Researchers have been studying Botox as a depression treatment for some time, and in late 2018 senior writer Brennan Kilbane visited one of a (very) few physicians board-certified in both dermatology and psychiatry to test the hypothesis firsthand. “When examining the lines of my face, the doctor asks me to contort my features into a variety of different non-sad expressions, which makes me feel as though I am rehearsing for a new period of my life in which I feel a variety
of different non-sad emotions.” And a week later? “The Botox calcifies, rendering my forehead useless. My emotional inventory is limited to a handful of available expressions: closed-mouth smile, open-mouth smile, enormous cartoon grin. But instead of unbridled happiness and joy bursting forth from my every nose pore, I don’t feel a thing. I don’t feel bad, but I don’t feel fantastic, either. To strangers, I look like I’m either feeling happy or nothing at all.” While clinical trials are ongoing, there was one research win last year out of the University of California San Diego: Patients who had Botox reported depression significantly less often than patients undergoing other treatments for the condition.
Welcome to the Wild West
As our collective appetite for Botox has grown so has a murky gray area, which we investigated in 2018’s “Needle Nation”: “[The proliferation of injectables] kind of came out of nowhere and took off faster than states could figure out how to regulate them. So now your hair salon might ask you to decide between bangs or Botox,” wrote Siegel. (You always have to have a medical license to buy Botox, but not to inject it.) “When so many people want to shove stuff into your lips or crow’s-feet, it’s time to acknowledge that we are in the Wild West.” And that is a dangerous place to be: Botox “‘is a medical procedure. And more so, a medical procedure for your face. No one believes that as much as the person who’s had it go wrong,’ says Hirsch.”

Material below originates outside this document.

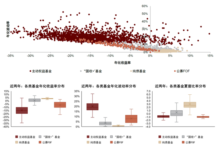 图表5:公募FOF与其他公募产品的风险收益结构对比(近两年)
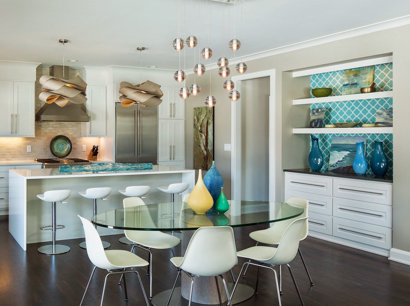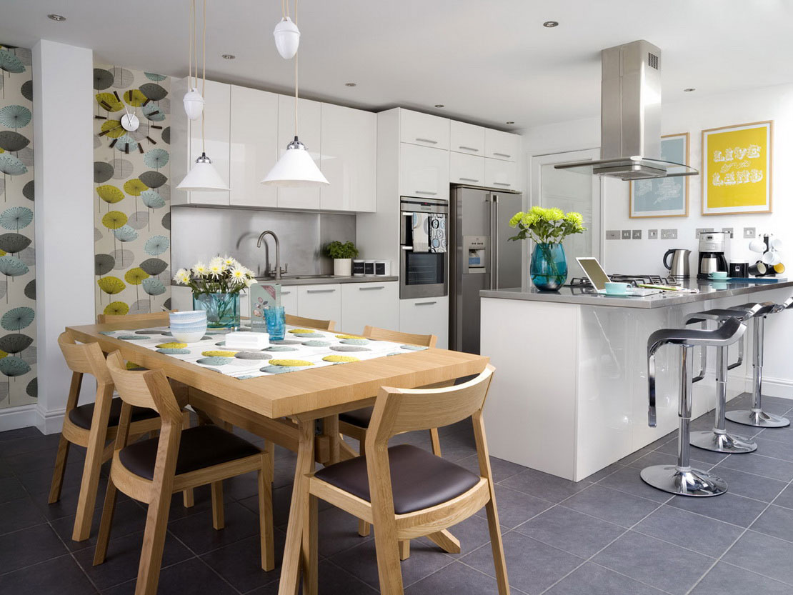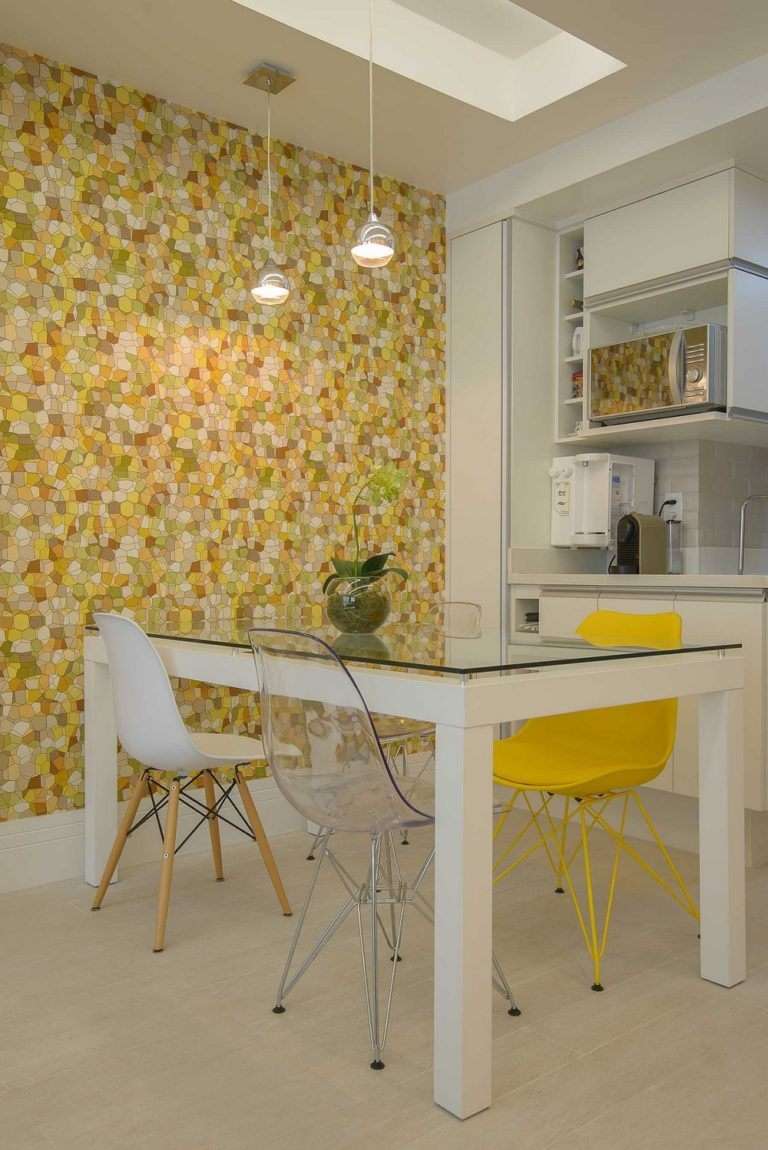 Na área de jantar, você pode usar materiais à prova d'água, como papel de parede à prova d'água. Se o espaço permitir, essa zona poderá ser diferenciada por papéis de parede fotográficos.

…and thank God for Westport, Ireland!
And in early 2019, executive beauty director Jenny Bailly journeyed back to the beginning. “I have been to the place that produces the entire planet’s supply of the wrinkle-smoothing, brow-raising drug, and here is how I got there: by flying into Dublin (the one in Ireland) and driving 156 miles, clear across the country, to a village nestled in a craggy, wind-lashed coastline.” Westport, Ireland, has a population of more than 6,000, many of whom work at a plant on the edge of town that has produced all the Botox since 1994. “Whether you’re in Hollywood or acting in London’s West End, your Botox is 100 percent guaranteed Irish,” one longtime Westporter, Simon Wall, boasted to Bailly, who learned about more than just Botox history and chemistry during her time in Westport. “If you subscribe to Celtic mythology, somewhere out in these western Irish seas is Tír na nÓg, ‘the land of youth.’ In this otherworld, no one ever grows old and nothing fades. It’s like the people there know of an elixir that can defy time. Imagine that.”